Work instructions ▸
Leaving out every picture, copy the lines of the data exactly, from the first through the line containing "Aleksandr Solzhenitsyn |".

** Provided entries follows **

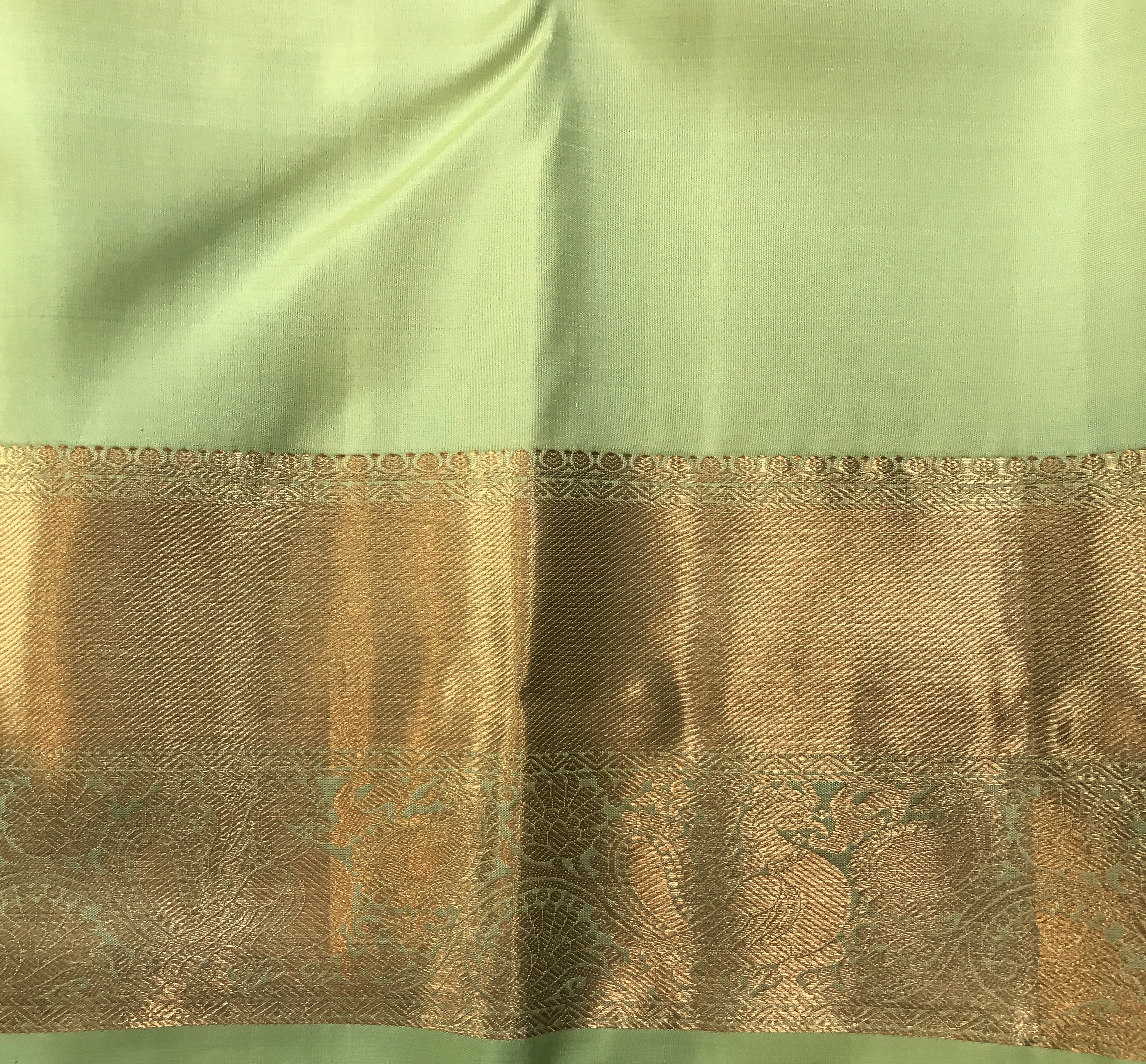 Blouse Colour: Self ( Green with broad zari border )
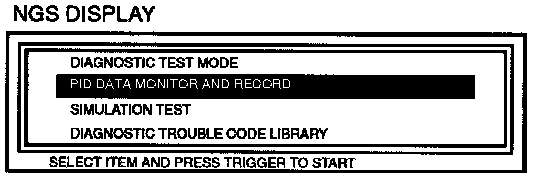 - Select the PID/DATA MONITOR AND RECORD function.
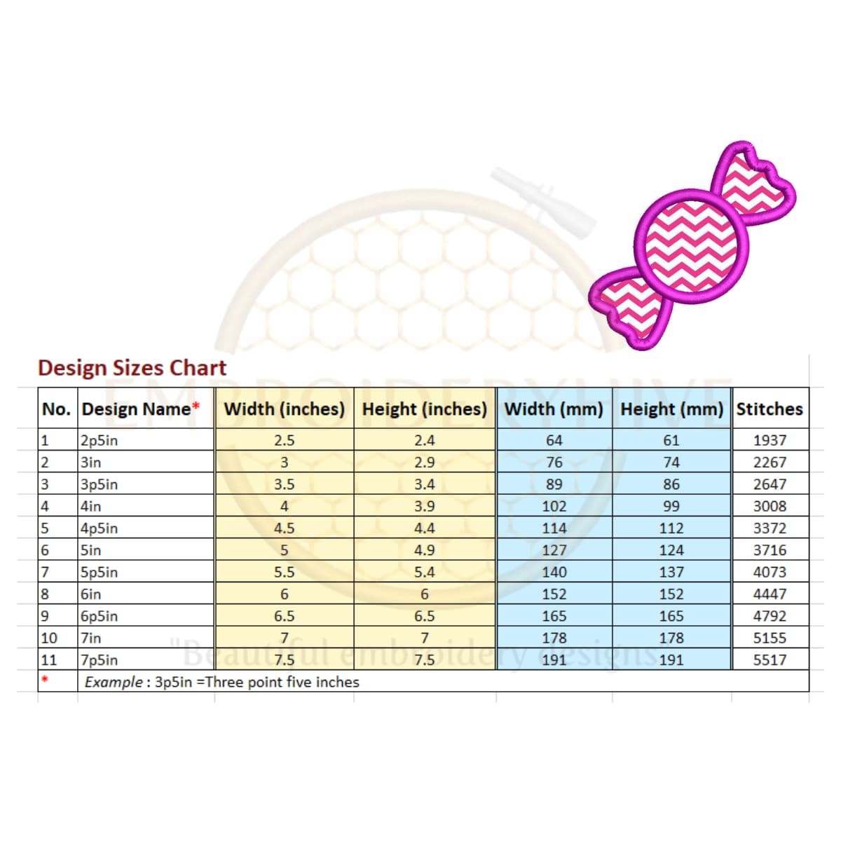 Candy Applique Embroidery Design (2.5–7.5 inch)
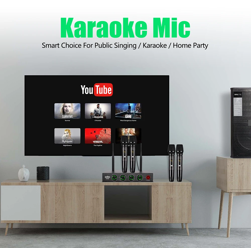 【Улучшенная стабилизация сигнала 】-50 выбираемых каналов на микрофон, 4 микрофона всего 200 каналов, Дальний диапазон передачи 200 футов (60 м) в открытом пространстве, обеспечивая одновременное использование до 5 комплектов, не беспокоясь о помехах.
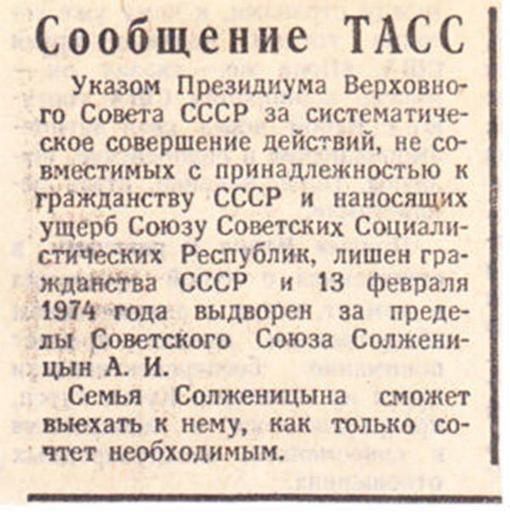 | Keywords: Сообщение ТАСС о высылке Солженицына.jpg ru Сообщение ТАСС о высылке Солженицына Известия 1974 15 фев аля 1974 15 фев аля Известия 1974 15 фев аля author other versions Custom license marker 2014 11 08 PD-scan PD-trivial Uploaded with UploadWizard Newspapers of Russia in Russian Aleksandr Solzhenitsyn |
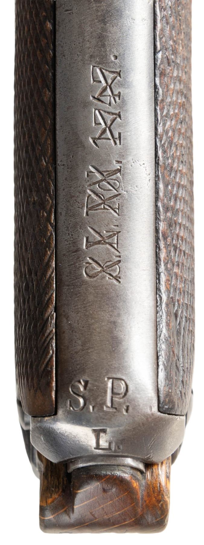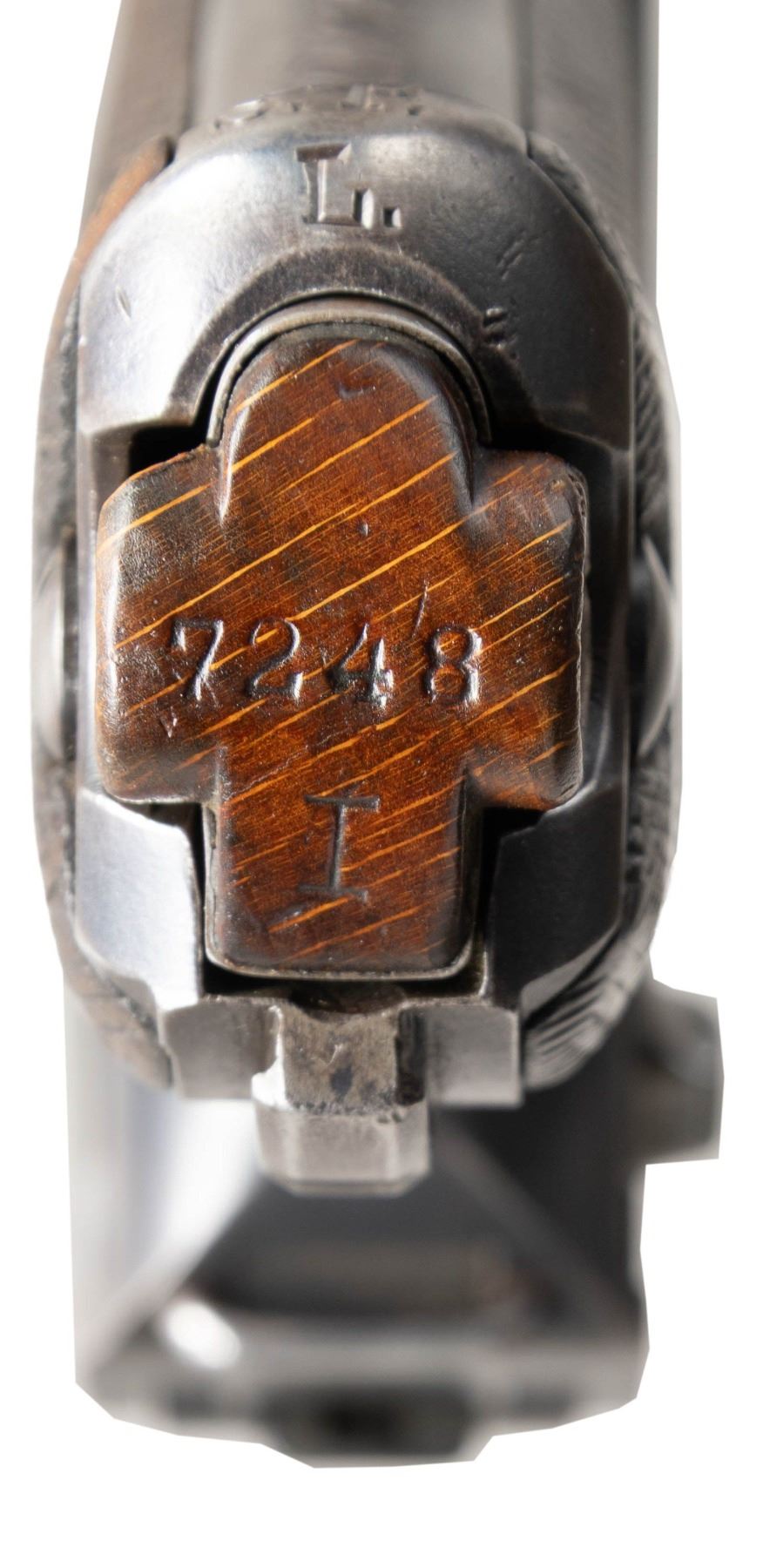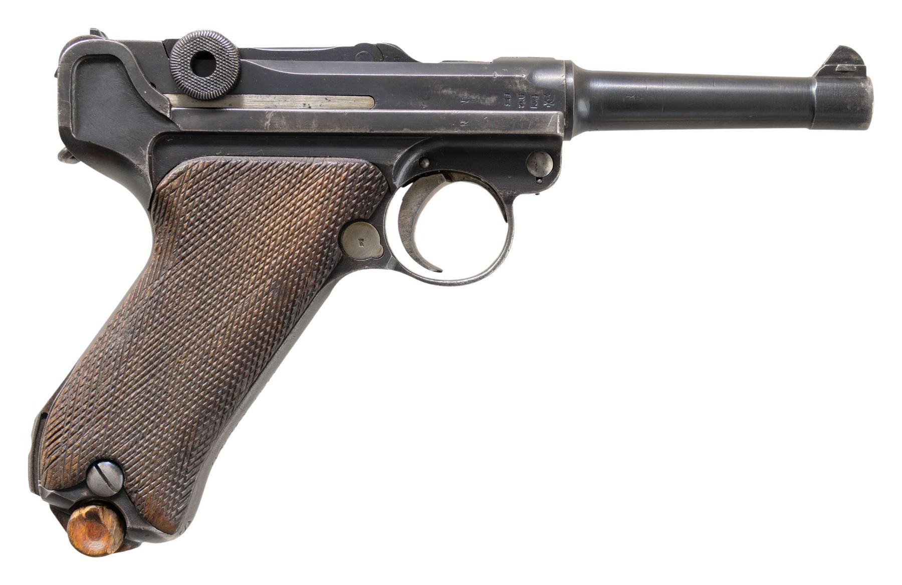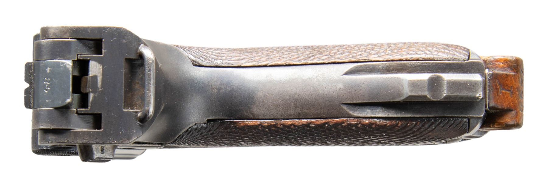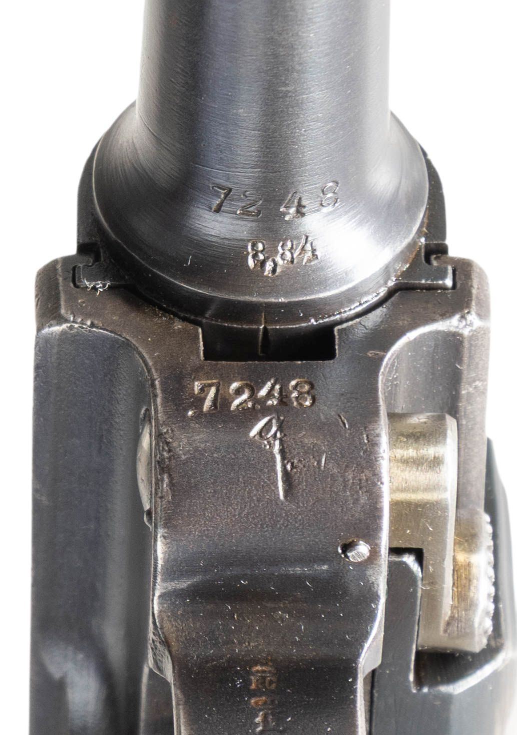SEMI-AUTOMATIC PISTOL. Cal. 9x19mm. S# 7248a. Bbl. 3 15/16". Originally mfg. as a standard configuration P.08 Luger by Erfurt in 1914, this example was subsequently retained under the Treaty of Versailles and utilized by the Weimar era police. The top of the bbl. extension is marked "1920/ 1914", with Erfurt arsenal proofs marked on the right. Toggle is marked with a crown over "ERFURT". Left side of the bbl. is marked with an Erfurt Crown/RC (Revision Commission) proof and an Imperial inspector proof (repeated on front of trigger guard bow), with a horizontal Crown/N marked on the right (repeated on right side of frame and bbl. extension). Front grip strap is marked with a X'd out "S.L.Pol. 1747." (Saxon State Security Police) police unit mark above a "S.P./ L." (Saxon State Police, Leipzig) unit mark. Metal components exhibit an apparent police arsenal reapplied rust blue finish overall, with some small parts exhibiting a straw finish. Frame is mounted with 2-piece checkered wood grips. Standard dovetailed blade front sight and fixed V-notch rear sight. Bbl. extension is fitted with a Schiwy police safety. All serialized parts are matching and include the frame, takedown lever, sideplate, trigger, safety lever & bar, hold-open latch, bbl., bbl. extension, trigger bar, breechblock, extractor, toggles, as well as the grips. Firing pin is unnumbered but Imperially proofed. MAGS: 1 matching 8-rd. police mag. with wood bottom marked "7248/ I". CONDITION: metal components retain the majority of their apparent police arsenal reapplied blue finish, exhibiting some areas of light to mild wear and thinning that are fading to a gray patina, scattered spots of light to mild pitting, as well as some spots/areas of light pitting beneath the bluing. Strawed parts retain good amounts of their original finish, showing areas of wear fading to gray patina, as well as some scattered spots of light pitting and age related discoloration. Bright bore, exhibiting consistent light pitting, while retaining good rifling throughout. Proper manual mechanics. Grips show areas of smoothing, as well as some scattered superficial marks and impressions from handling and storage, but otherwise remain sound. (25-6060/MLW). CURIO. $1,000-1,500.

** End of Provided entries **

Exercise answer ▸
 Blouse Colour: Self ( Green with broad zari border )
 - Select the PID/DATA MONITOR AND RECORD function.
 Candy Applique Embroidery Design (2.5–7.5 inch)
 【Улучшенная стабилизация сигнала 】-50 выбираемых каналов на микрофон, 4 микрофона всего 200 каналов, Дальний диапазон передачи 200 футов (60 м) в открытом пространстве, обеспечивая одновременное использование до 5 комплектов, не беспокоясь о помехах.
 | Keywords: Сообщение ТАСС о высылке Солженицына.jpg ru Сообщение ТАСС о высылке Солженицына Известия 1974 15 фев аля 1974 15 фев аля Известия 1974 15 фев аля author other versions Custom license marker 2014 11 08 PD-scan PD-trivial Uploaded with UploadWizard Newspapers of Russia in Russian Aleksandr Solzhenitsyn |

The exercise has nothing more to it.